2	1003002106	100072	 	 	 	.
3	1003004870	.	 	 	 	.
4	1003005810	100128	 	 	 	.
5	1003006552	100121	100157	 	 	.
6	1003008533	100018	100012	100244	 	.
;

data temp  (keep=obs doctor hosp1 hosp2);
  set have (rename=(hosp1=dummy1 hosp2=dummy2));
  array h {*} dummy1-dummy2 hosp3-hosp5;
  nh=n(of h{*});
  if nh>0;
  do h1=1 to nh;
    do h2=h1 to nh;
      hosp1=min(h{h1},h{h2});
      hosp2=max(h{h1},h{h2});
      output;
    end;
  end;
run;
proc freq data=temp  noprint ;
  tables hosp1 * hosp2 /out=want (keep=hosp1 hosp2 count);
run;
  1. In the DATA TEMP step, notice I rename HOSP1 and HOSP2 to DUMMY1 DUMMY2 respectively.  That's just so I can re-use the names HOSP1 and HOSP2 in the output.
  2. The array is there just to provide a framework for finding all pairs (including self-pairs).
  3. Because the hospitals are not sorted within each observation, you need the MIN and MAX functions when assigning members of each pair to HOSP1 and HOSP2.
--------------------------
The hash OUTPUT method will overwrite a SAS data set, but not append.
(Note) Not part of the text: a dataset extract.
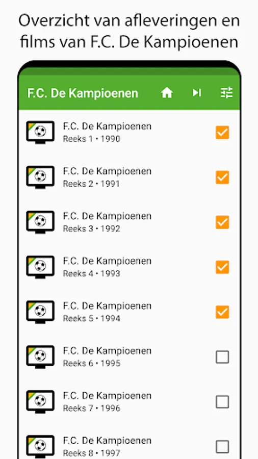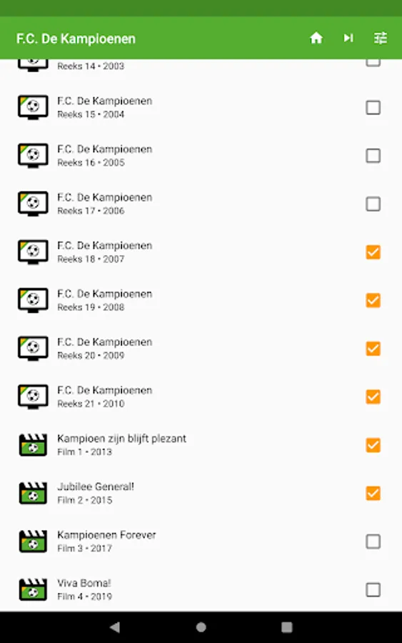 In this app you get an overview of all episodes and films of F.C. The Champions and you can keep track of what you have seen.

That can be costly. Consider voting for Add a HASH object method which would append a hash object to an existing SAS data set

Would enabling PROC SORT to simultaneously output multiple datasets be useful? Then vote for
Allow PROC SORT to output multiple datasets

--------------------------

View solution in original post

4 REPLIES 4
novinosrin
Tourmaline | Level 20
data have;
infile cards truncover;
input Obs	doctor	hosp1	hosp2	hosp3	hosp4	hosp5;
cards;
1	1003000522	100072	 	 	 	.
2	1003002106	100072	 	 	 	.
3	1003004870	.	 	 	 	.
4	1003005810	100128	 	 	 	.
5	1003006552	100121	100157	 	 	.
6	1003008533	100018	100012	100244	 	.
;

proc transpose data=have out=temp(drop=_name_ where=(col1 ne .));
by doctor;
var hosp:;
run;

data want ;
 if _n_=1 then do;
  if 0 then set temp(rename=(col1=hosp1)) temp(rename=(col1=hosp2));
  dcl hash H (dataset:'temp(rename=(col1=hosp2))',multidata:'y') ;
  h.definekey  ("doctor") ;
  h.definedata ("hosp2") ;
  h.definedone () ;
 end;
 do Shared_Docs=1 by 1 until(last.hosp1);
  set temp(rename=(col1=hosp1));
  by hosp1 notsorted;
  do until(not _t) ; 
   do rc = h.find() by 0 while (rc = 0) ; 
    h.has_next(result:_t) ;  
    if hosp1=hosp2 then h.removedup() ; 
	if last.hosp1 then output;
    rc=h.find_next();
   end ;
  end ;
 end;
 drop _t rc doctor;
run;

/*Or perhaps a better bet to Sort the transposed dataset before the Hash*/

 

 

data have;
infile cards truncover;
input Obs	doctor	hosp1	hosp2	hosp3	hosp4	hosp5;
cards;
1	1003000522	100072	 	 	 	.
2	1003002106	100072	 	 	 	.
3	1003004870	.	 	 	 	.
4	1003005810	100128	 	 	 	.
5	1003006552	100121	100157	 	 	.
6	1003008533	100018	100012	100244	 	.
;

proc transpose data=have out=temp(drop=_name_ where=(col1 ne .));
by doctor;
var hosp:;
run;

proc sort data=temp ;
by col1;
run;

data want ;
 if _n_=1 then do;
  if 0 then set temp(rename=(col1=hosp1)) temp(rename=(col1=hosp2));
  dcl hash H (dataset:'temp(rename=(col1=hosp2))',multidata:'y') ;
  h.definekey  ("doctor") ;
  h.definedata ("hosp2") ;
  h.definedone () ;
 end;
 do Shared_Docs=1 by 1 until(last.hosp1);
  set temp(rename=(col1=hosp1));
  by hosp1 ;
  do until(not _t) ; 
   do rc = h.find() by 0 while (rc = 0) ; 
    h.has_next(result:_t) ;  
    if hosp1=hosp2 then h.removedup() ; 
	if last.hosp1 then output;
    rc=h.find_next();
   end ;
  end ;
 end;
 drop _t rc doctor;
run;
mkeintz
PROC Star

This is really a two-step task:  (1) write out all the pairs, and (2) get a frequency of all pairs.  The second step is trivial - it's what PROC FREQ is made for.  The first step is straightforward:

 

data have;
infile cards truncover;
input Obs	doctor	hosp1	hosp2	hosp3	hosp4	hosp5;
cards;
1	1003000522	100072	 	 	 	.
2	1003002106	100072	 	 	 	.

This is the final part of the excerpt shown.